* [DESCRIPTION OF THE TASK]:
A word-for-word copy of the entries is needed, and it should contain no images.

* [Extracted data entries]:

++++++++++++++++++++

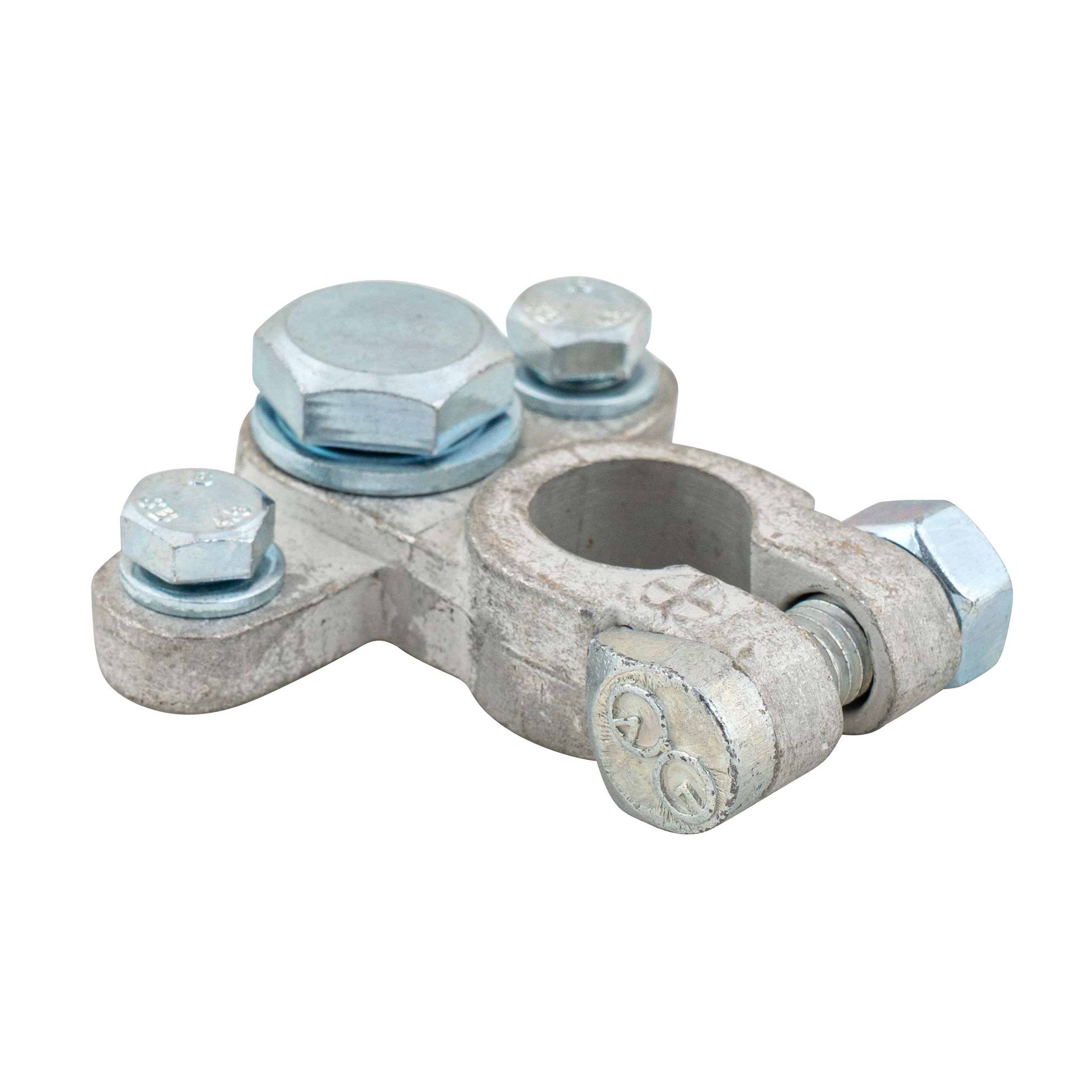 Deze accupoolklem is geschikt om een accukabel aan te sluiten, voorzien van een M10 perskabeloog van 10 mm. Daarnaast biedt de klem de mogelijkheid om meerdere accukabels (tot wel 4 stuks) te verbinden met M6 perskabelogen.
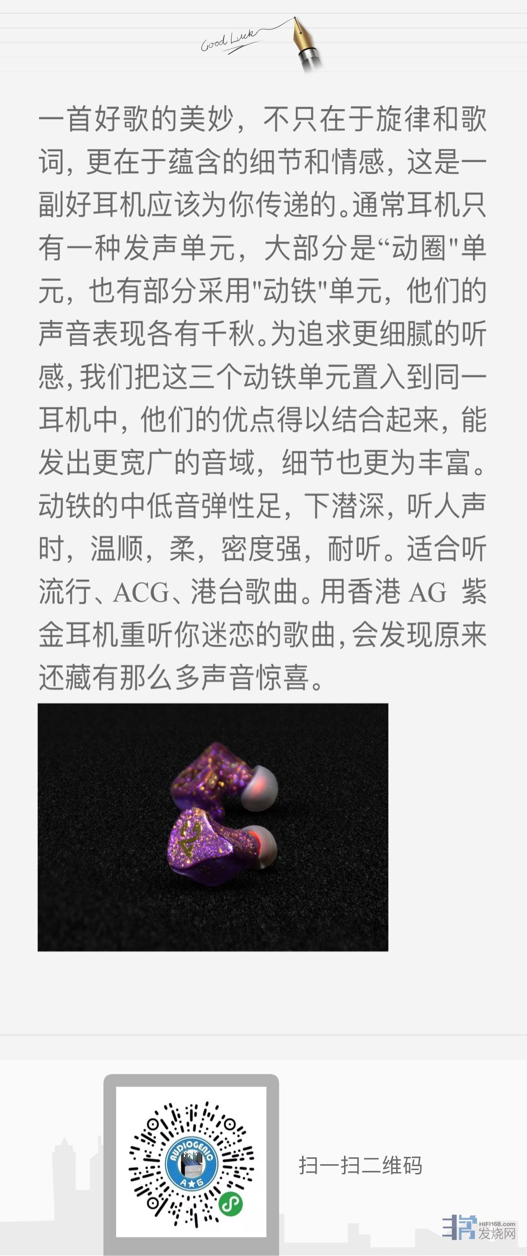配上香港AG 紫金 三单元动铁耳机 听上那动人音乐旋律。
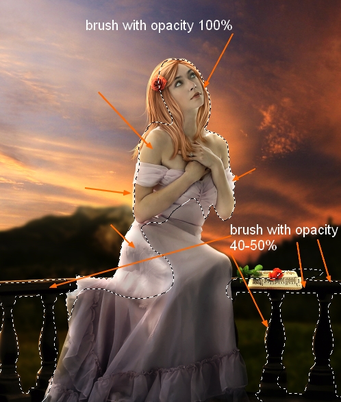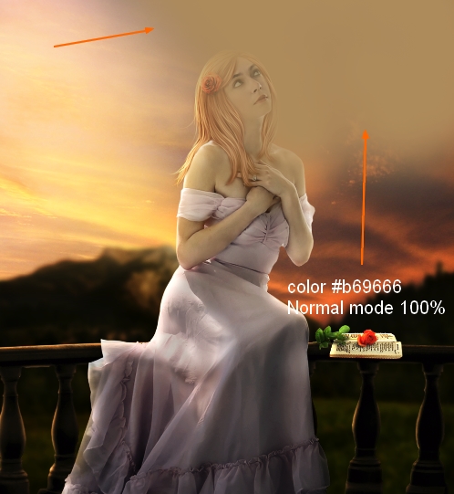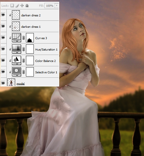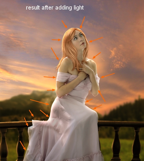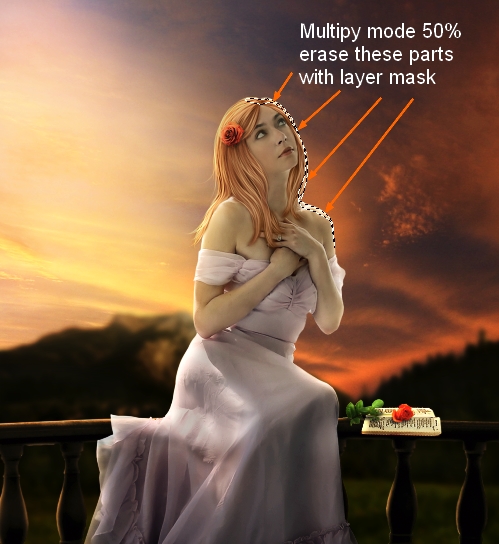 Merge all transparent layers ( extracted model, hairs and hair shadow). Now our girl is ready. Move her into sunset picture, resize and place her onto the balcony:
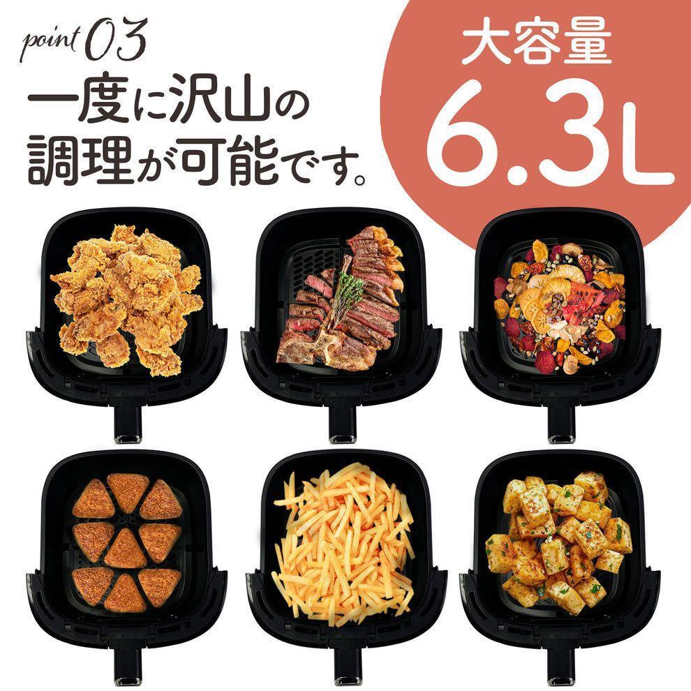 6.3Lの大容量で、トーストからステーキまで調理可能なCrispio製ノンフライヤー。
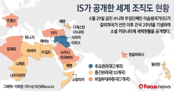 (서울=포커스뉴스) 6월 29일 급진 수니파 무장단체인 이슬람국가(IS)가 칼리파국가 선언 이후 건국 2주년을 기념하며 소셜 커뮤니티에 세력현황을 공개했다.
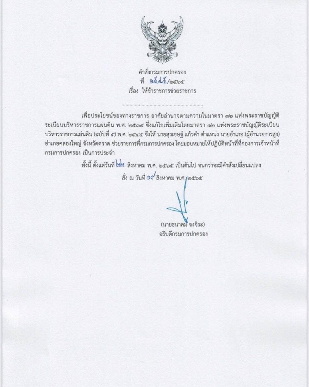 อย่างไรก็ตาม ในส่วนเรื่องที่เกี่ยวข้องกับกับนายอำเภอคลองใหญ่ ที่ถูกตำรวจกองปราบปรามจับกุมไปดำเนินคดีเมื่อเช้าวันนี้นั้น อธิบดีกรมการปกครอง ไม่ได้แจ้งให้ที่ประชุมทราบ และเจ้าหน้าที่ระดับอำนวยการที่เดินทางมาพร้อมกับอธิบดีกรมการปกครอง ไม่ต้องการให้ผู้สื่อข่าวได้สอบถามในประเด็นนี้ โดยอ้างว่าทางอธิบดีกรมการปกครอง ได้สั่งย้ายนายอำเภอคลองใหญ่ไปช่วยราชการที่กรมการปกครองแล้ว หลังจากได้รับรายงานข่าว ตามคำสั่งกรมการปกครองที่ 1555/2565 เรื่องให้ข้าราชการช่วยราชการ โดยระบุว่า “เพื่อประโยชน์ของทางราชการ อาศัยอำนาจตามความในมาตรา 32 แห่งพระราชบัญญัติ ระเบียบบริหารราชการแผ่นดิน พ.ศ. 2534 ซึ่งแก้ไขเพิ่มเติมโดยมาตรา 12 แห่งพระราชบัญญัติระเบียบ บริหารราชการแผ่นดิน (ฉบับที่ 5) พ.ศ. 2545 จึงให้นายสุรเชษฐ์ แก้วคำ ตำแหน่ง นายอำเภอ (ผู้อำนวยการสูง) อำเภอคลองใหญ่ จังหวัดตราด ช่วยราชการที่กรมการปกครอง โดยมอบหมายให้ปฏิบัติหน้าที่ที่กองการเจ้าหน้าที่กรมการปกครอง เป็นการประจำ ทั้งนี้ ตั้งแต่วันที่ 22 สิงหาคม พ.ศ. 2565 เป็นต้นไป จนกว่าจะมีคำสั่งเปลี่ยนแปลง สั่ง ณ วันที่ 19 สิงหาคม พ.ศ. 2565”

++++++++++++++++++++

* [RESULT OF THE EXERCISE]:
 Deze accupoolklem is geschikt om een accukabel aan te sluiten, voorzien van een M10 perskabeloog van 10 mm. Daarnaast biedt de klem de mogelijkheid om meerdere accukabels (tot wel 4 stuks) te verbinden met M6 perskabelogen.
配上香港AG 紫金 三单元动铁耳机 听上那动人音乐旋律。
 Merge all transparent layers ( extracted model, hairs and hair shadow). Now our girl is ready. Move her into sunset picture, resize and place her onto the balcony:
 6.3Lの大容量で、トーストからステーキまで調理可能なCrispio製ノンフライヤー。
 (서울=포커스뉴스) 6월 29일 급진 수니파 무장단체인 이슬람국가(IS)가 칼리파국가 선언 이후 건국 2주년을 기념하며 소셜 커뮤니티에 세력현황을 공개했다.
 อย่างไรก็ตาม ในส่วนเรื่องที่เกี่ยวข้องกับกับนายอำเภอคลองใหญ่ ที่ถูกตำรวจกองปราบปรามจับกุมไปดำเนินคดีเมื่อเช้าวันนี้นั้น อธิบดีกรมการปกครอง ไม่ได้แจ้งให้ที่ประชุมทราบ และเจ้าหน้าที่ระดับอำนวยการที่เดินทางมาพร้อมกับอธิบดีกรมการปกครอง ไม่ต้องการให้ผู้สื่อข่าวได้สอบถามในประเด็นนี้ โดยอ้างว่าทางอธิบดีกรมการปกครอง ได้สั่งย้ายนายอำเภอคลองใหญ่ไปช่วยราชการที่กรมการปกครองแล้ว หลังจากได้รับรายงานข่าว ตามคำสั่งกรมการปกครองที่ 1555/2565 เรื่องให้ข้าราชการช่วยราชการ โดยระบุว่า “เพื่อประโยชน์ของทางราชการ อาศัยอำนาจตามความในมาตรา 32 แห่งพระราชบัญญัติ ระเบียบบริหารราชการแผ่นดิน พ.ศ. 2534 ซึ่งแก้ไขเพิ่มเติมโดยมาตรา 12 แห่งพระราชบัญญัติระเบียบ บริหารราชการแผ่นดิน (ฉบับที่ 5) พ.ศ. 2545 จึงให้นายสุรเชษฐ์ แก้วคำ ตำแหน่ง นายอำเภอ (ผู้อำนวยการสูง) อำเภอคลองใหญ่ จังหวัดตราด ช่วยราชการที่กรมการปกครอง โดยมอบหมายให้ปฏิบัติหน้าที่ที่กองการเจ้าหน้าที่กรมการปกครอง เป็นการประจำ ทั้งนี้ ตั้งแต่วันที่ 22 สิงหาคม พ.ศ. 2565 เป็นต้นไป จนกว่าจะมีคำสั่งเปลี่ยนแปลง สั่ง ณ วันที่ 19 สิงหาคม พ.ศ. 2565”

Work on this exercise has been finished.